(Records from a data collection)
-=-=-
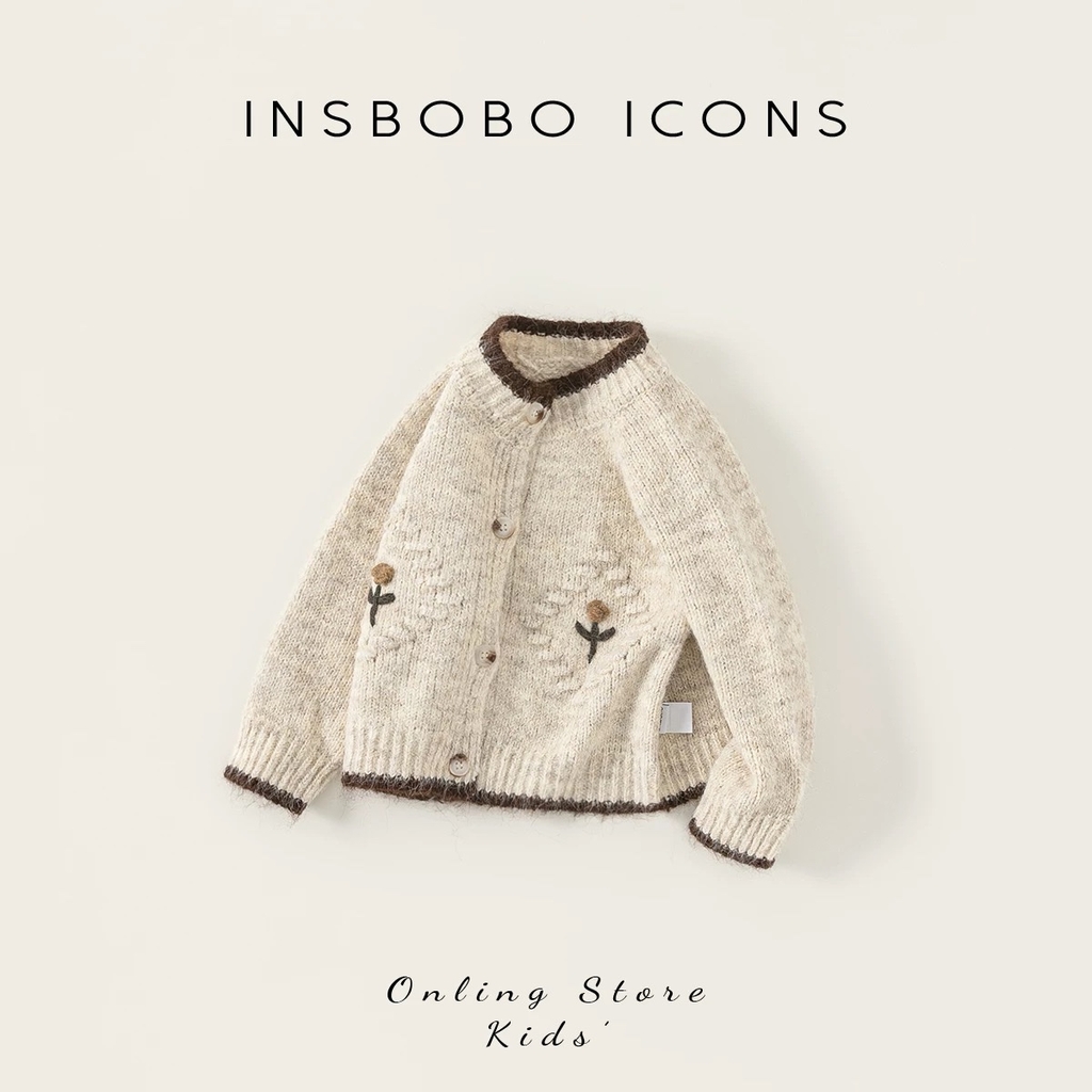 TL - Cardigan len thêu hoa phối viền nâu(80-140)
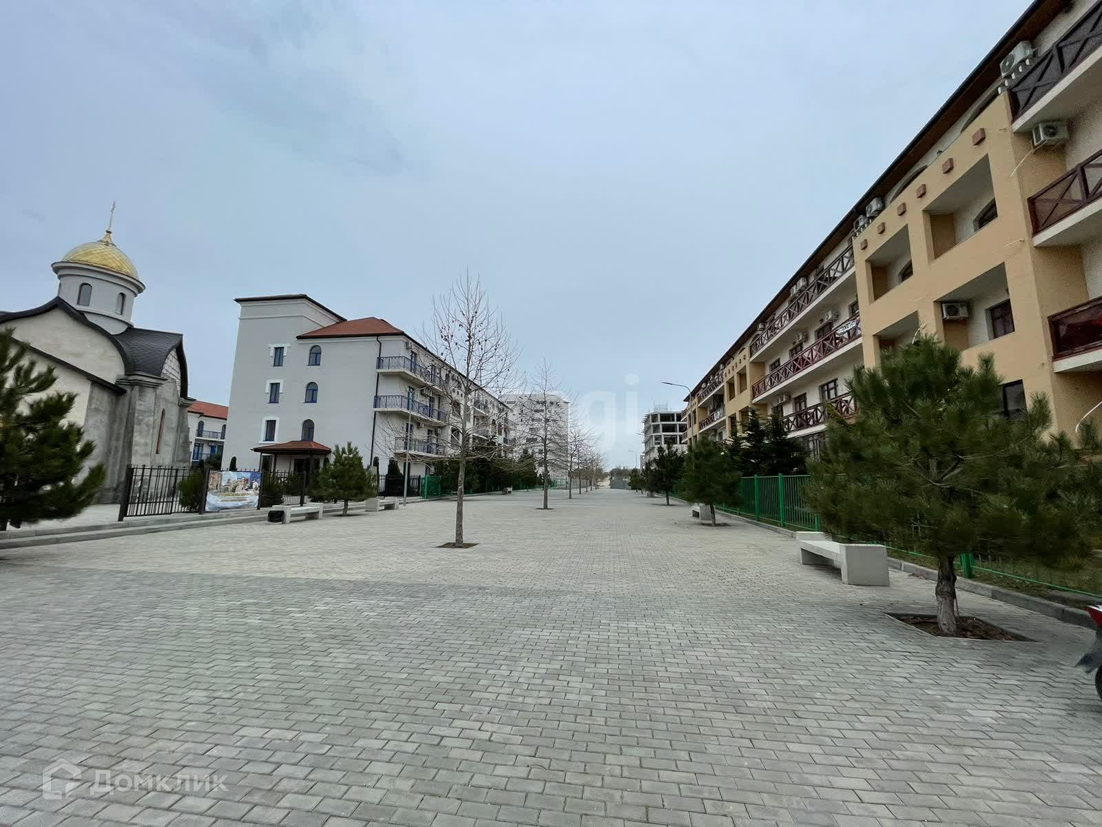 Рядом с комплексом аквапарк. Во дворе бассейн.
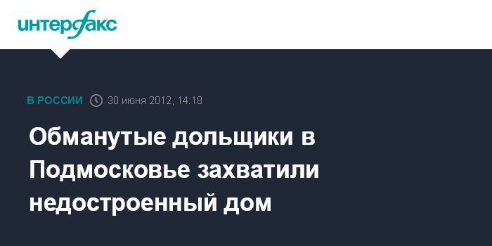 Москва. 30 июня. INTERFAX.RU - Обманутые дольщики подмосковного Ногинска захватили свой недостроенный дом, сообщил координатор движения "Однодольщики" Игорь Гульев.
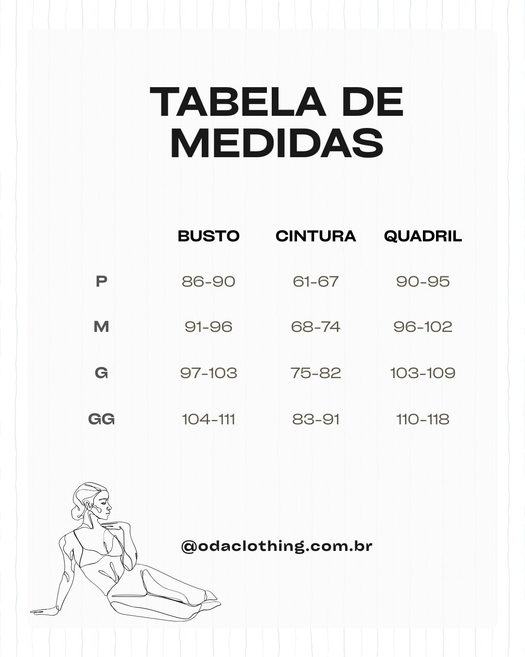 G – Busto: 97-103 | Cintura: 75-82 | Quadril: 103-109
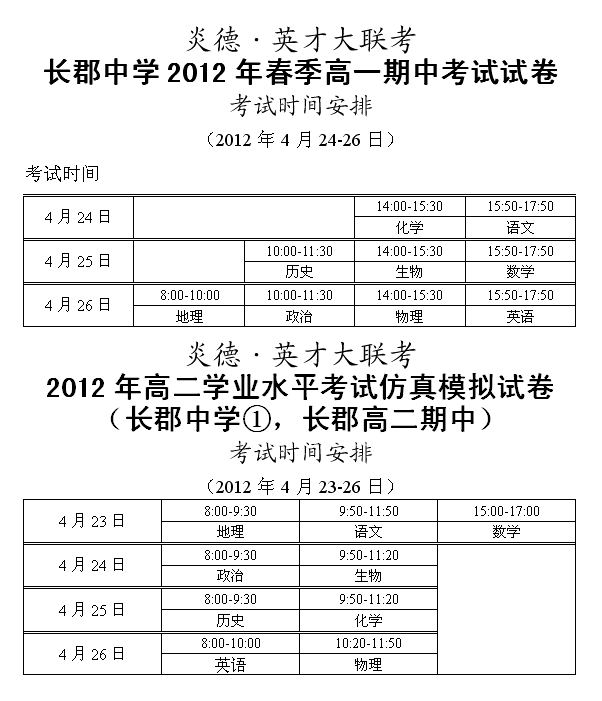 下一篇:2012春季長郡中學高一高二期末考試時間及范圍
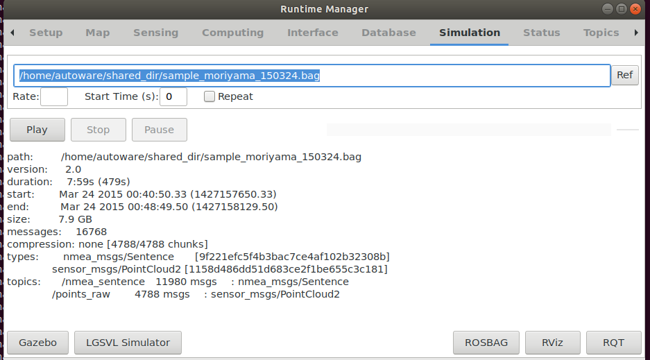 - 最后需要一辆具有Autoware的汽车;考虑到大家可能没有,可以使用ROSBAG和模拟器实现????
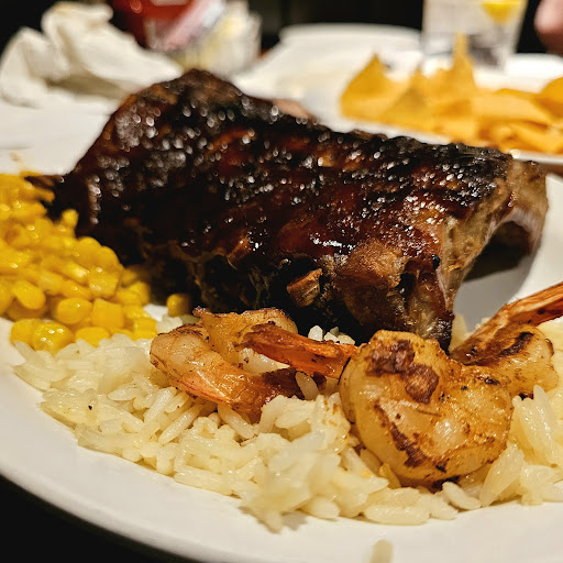 Read moreFirst time eating at this chain while in the Dallas area for the eclipse. Quite a long line of customers waiting when we arrived at 6pm on Sunday, but we had gone online and placed ourselves on the wait list. Waited 5 minutes to be seated. Large restaurant with paddle style ceiling fans and a big aquarium. Lots of staff on duty and they were all working hard. Our waiter was Jacob. Friendly, efficient and fast. 2 complimentary butter croissants arrive at your table within the minutes of you being seated. We ordered the queso dip and homemade tortilla chips. A large basket of hot chips arrived with a dish of piping hot queso and another dish of salsa. I ordered the half rack of ribs with grilled shrimp, and roasted corn. I paid 99 cents to upgrade my other side dish to a dinner salad. Dan ordered a small sirloin steak (6oz) with coleslaw and a dinner salad. The arrival of the apperizers and the main meal was well paced. The side salads were huge, like an entree salad, and were excellent. Crisp cold lettuce with tomatoes, cheese, shaved carrots and croutons. I felt full after eating the appetizer and salad. The entrees were equally impressive. The ribs were very meaty and the bbq sauce was perfect, not too tangy and not too sweet. The 4 grilled shrimp were cooked perfectly and had good seasoning. The corn was buttery and had good seasoning as well. Dan's steak was cooked a perfect medium with a pink center. He was happy he ordered the 6oz steak because there was so much food. The coleslaw was creamy, cold and sweet (perfect, because i hate vinegar based sour coleslaw). We were too full to consider dessert, even after we saw a giant slab of chocolate cake go by with vanilla ice cream. All the employees were friendly and attentive, even though it was extremely busy. This is a very family friendly restaurant as well, with quite a few large tables. The table next to us had 14 people, and i saw that they were getting excellent service. Overall, highly recommended for quality of food, portion size, and very economical. Our meal was $44 before adding the tip. This is unheard of...
-=-=-
- **Exercise requirements**
Retype the entries word for word. Omit any images.

- **Exercise answer**
 TL - Cardigan len thêu hoa phối viền nâu(80-140)
 Рядом с комплексом аквапарк. Во дворе бассейн.
 Москва. 30 июня. INTERFAX.RU - Обманутые дольщики подмосковного Ногинска захватили свой недостроенный дом, сообщил координатор движения "Однодольщики" Игорь Гульев.
 G – Busto: 97-103 | Cintura: 75-82 | Quadril: 103-109
 下一篇:2012春季長郡中學高一高二期末考試時間及范圍
 - 最后需要一辆具有Autoware的汽车;考虑到大家可能没有,可以使用ROSBAG和模拟器实现????
 Read moreFirst time eating at this chain while in the Dallas area for the eclipse. Quite a long line of customers waiting when we arrived at 6pm on Sunday, but we had gone online and placed ourselves on the wait list. Waited 5 minutes to be seated. Large restaurant with paddle style ceiling fans and a big aquarium. Lots of staff on duty and they were all working hard. Our waiter was Jacob. Friendly, efficient and fast. 2 complimentary butter croissants arrive at your table within the minutes of you being seated. We ordered the queso dip and homemade tortilla chips. A large basket of hot chips arrived with a dish of piping hot queso and another dish of salsa. I ordered the half rack of ribs with grilled shrimp, and roasted corn. I paid 99 cents to upgrade my other side dish to a dinner salad. Dan ordered a small sirloin steak (6oz) with coleslaw and a dinner salad. The arrival of the apperizers and the main meal was well paced. The side salads were huge, like an entree salad, and were excellent. Crisp cold lettuce with tomatoes, cheese, shaved carrots and croutons. I felt full after eating the appetizer and salad. The entrees were equally impressive. The ribs were very meaty and the bbq sauce was perfect, not too tangy and not too sweet. The 4 grilled shrimp were cooked perfectly and had good seasoning. The corn was buttery and had good seasoning as well. Dan's steak was cooked a perfect medium with a pink center. He was happy he ordered the 6oz steak because there was so much food. The coleslaw was creamy, cold and sweet (perfect, because i hate vinegar based sour coleslaw). We were too full to consider dessert, even after we saw a giant slab of chocolate cake go by with vanilla ice cream. All the employees were friendly and attentive, even though it was extremely busy. This is a very family friendly restaurant as well, with quite a few large tables. The table next to us had 14 people, and i saw that they were getting excellent service. Overall, highly recommended for quality of food, portion size, and very economical. Our meal was $44 before adding the tip. This is unheard of...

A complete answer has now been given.